Why do we need StatesCare?

There are five reasons (at least) why the U.S. needs StatesCare.

Historical

In less than 250 years, thirteen small colonies became the great innovator, the supreme producer, the economic powerhouse and protector of Freedom. One of the main reasons is capitalism with its free market forces. Buyers have reason to economize and sellers must compete. In a free market, there are only two parties, buyers and sellers, directly connected to each other by exchange of money for service.

Healthcare is different, unique. There is a third party–government or insurance–that separates and disconnects buyer from seller. Prices keep rising and access goes down because federal mandates prevent market forces from working.

StatesCare can reverse this. It will lower prices, increase access, and make healthcare work for us.

Practical

Washington has been “fixing” healthcare for more than fifty years. Look at the healthcare system their fixes have left us with!?! Prices we can’t afford and a doctor shortage that makes patients wait for months to get care.

We the People need to look for answers elsewhere. Washington obviously doesn’t have them. The states do.

Legal

Your doctor is supposed to be the only one who can legally practice medicine on you. In our present, federal healthcare system, your doctor is the only one who can’t.

Federal mandates and insurance regulations dictate what medications you can and can’t have. Government guidelines and insurance benefits packages determine what surgery you will get, where and when, or even if.
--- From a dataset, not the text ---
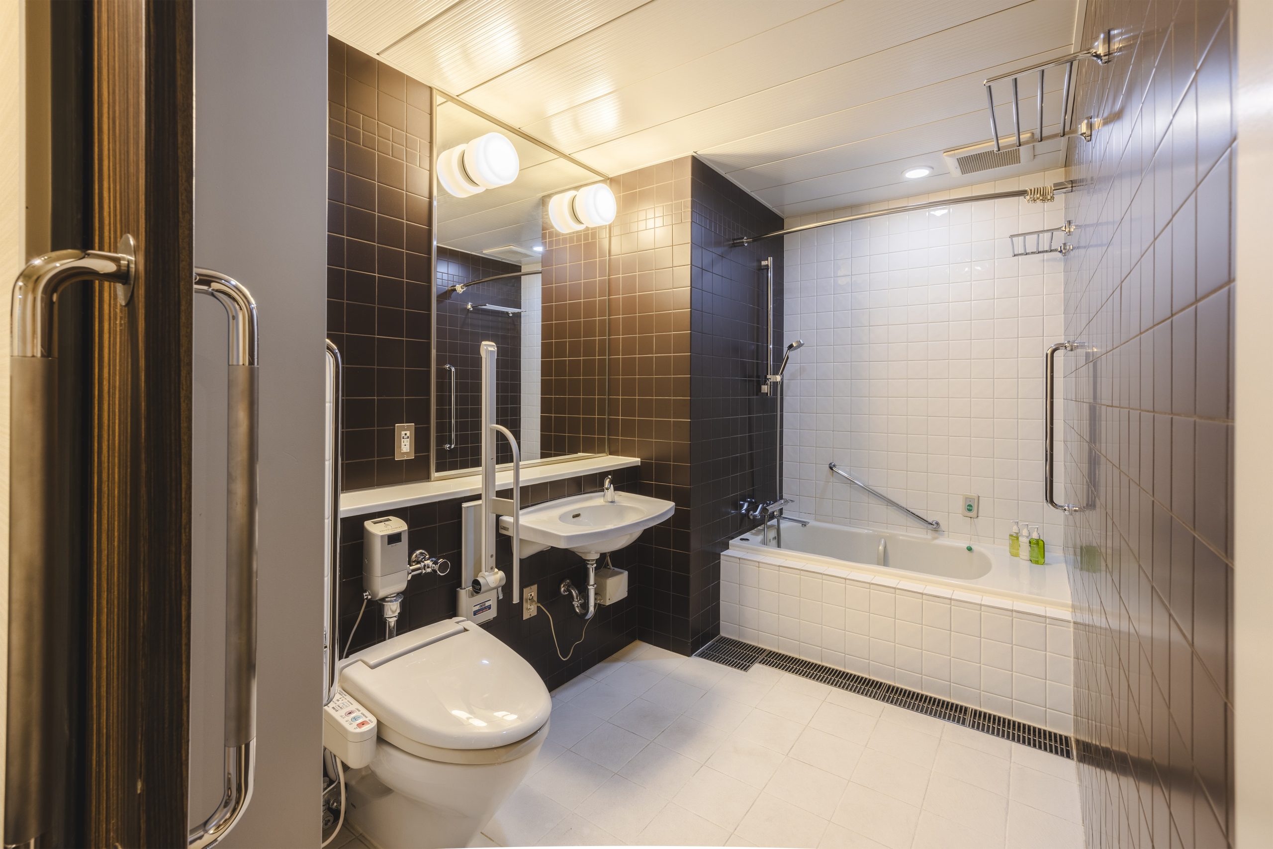 車椅子のまま過ごせる、段差のないゆとりあるスペースをご用意しました。 どなたでも快適にご利用いただけるユニバーサルトイレを設置。 客室は3階のエレベーターホールの近くにございます。

StatesCare can get the government out of your doctor’s chair and let your doctor sit down.

Fiscal

All that federal bureaucracy, administrative personnel, and regulatory apparatus doesn't come cheap. That money is taken away from patient care. The federal government diverts more than $1 trillion healthcare dollars a year from patients to itself.
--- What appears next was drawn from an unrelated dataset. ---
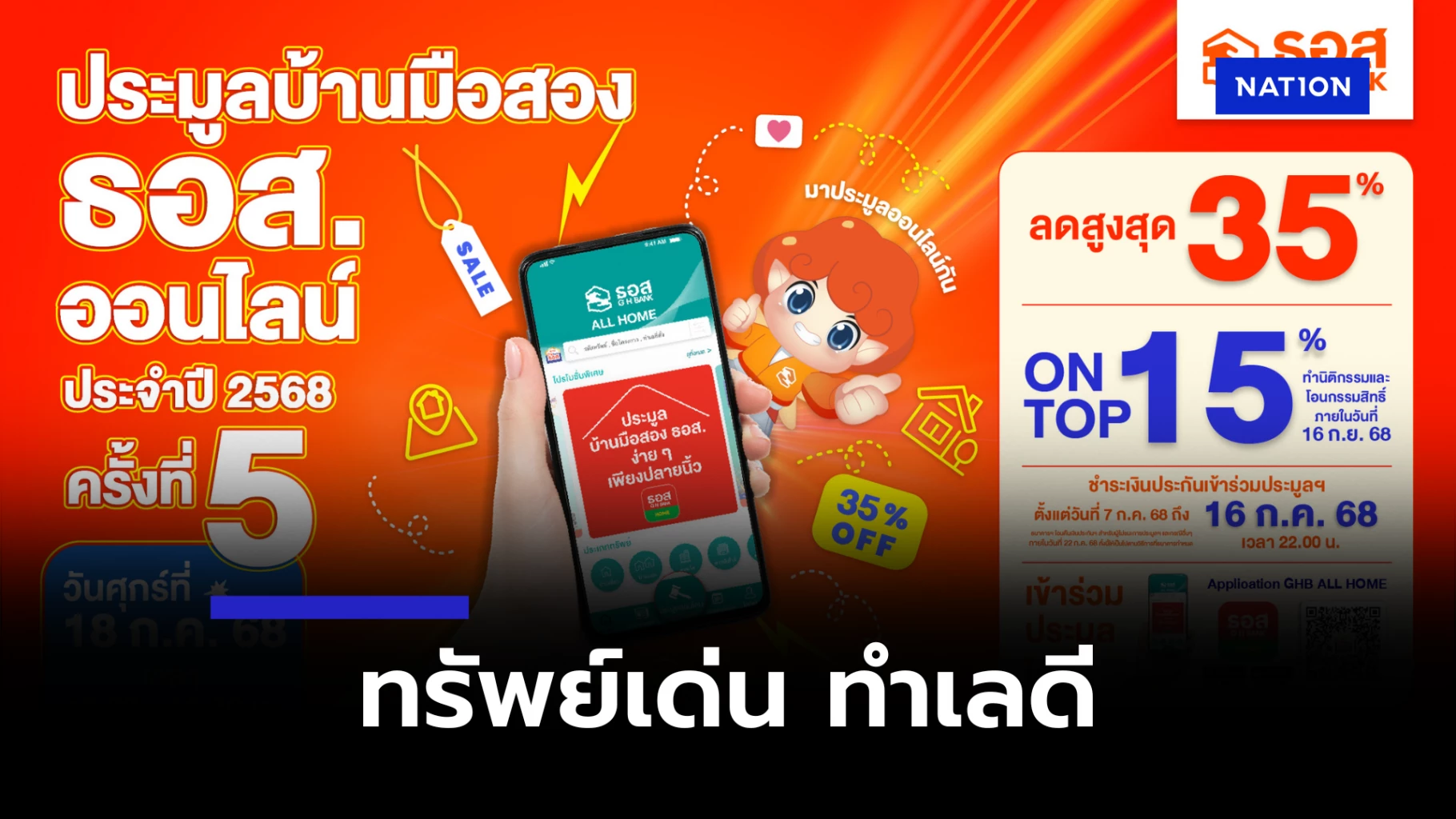 นายวิทยา แสนภักดี รองกรรมการผู้จัดการ กลุ่มงานปรับโครงสร้างหนี้ ธนาคารอาคารสงเคราะห์ (ธอส.) เปิดเผยว่า ธอส. เพิ่มทางเลือกในการมีที่อยู่อาศัยให้กับคนไทยมากขึ้น ผ่านช่องทางที่เข้าถึงได้อย่างสะดวก ด้วยการจัดงาน “ประมูลบ้านมือสองออนไลน์ ประจำปี 2568 ครั้งที่ 5 ประจำเดือนกรกฎาคม” ในวันศุกร์ที่ 18 กรกฎาคม 2568 ระหว่างเวลา 12.00 -12.30 น. ผ่าน Application : GHB ALL HOME โดยนำทรัพย์เด่น ทำเลดี ราคาคุ้มค่าถึง 1,364 รายการทั่วประเทศ ทั้งประเภทบ้านเดี่ยว บ้านแฝด ทาวน์เฮ้าส์ คอนโดมิเนียม อาคารพาณิชย์ และที่ดินเปล่า มาจำหน่ายในราคาพิเศษด้วยส่วนลดสูงสุดถึง 35% จากราคาปกติ โดยเป็นทรัพย์ในพื้นที่กรุงเทพ ฯ และปริมณฑล จำนวน 491 รายการ

StatesCare could claw back those diverted dollars and give the American people $1 trillion worth of additional care.

Constitutional

The U.S. Founding Fathers were clear and insistent about limiting federal power. The Tenth Amendment to the Constitution reads as follows: “The powers not delegated to the United States by the Constitution, nor prohibited by it to the States, are reserved to the States respectively, or to the people.”

Healthcare was quite intentionally NOT enumerated as a federal power. Washington has no right to control healthcare, which therefore is “reserved to the States respectively, or to the people” – StatesCare!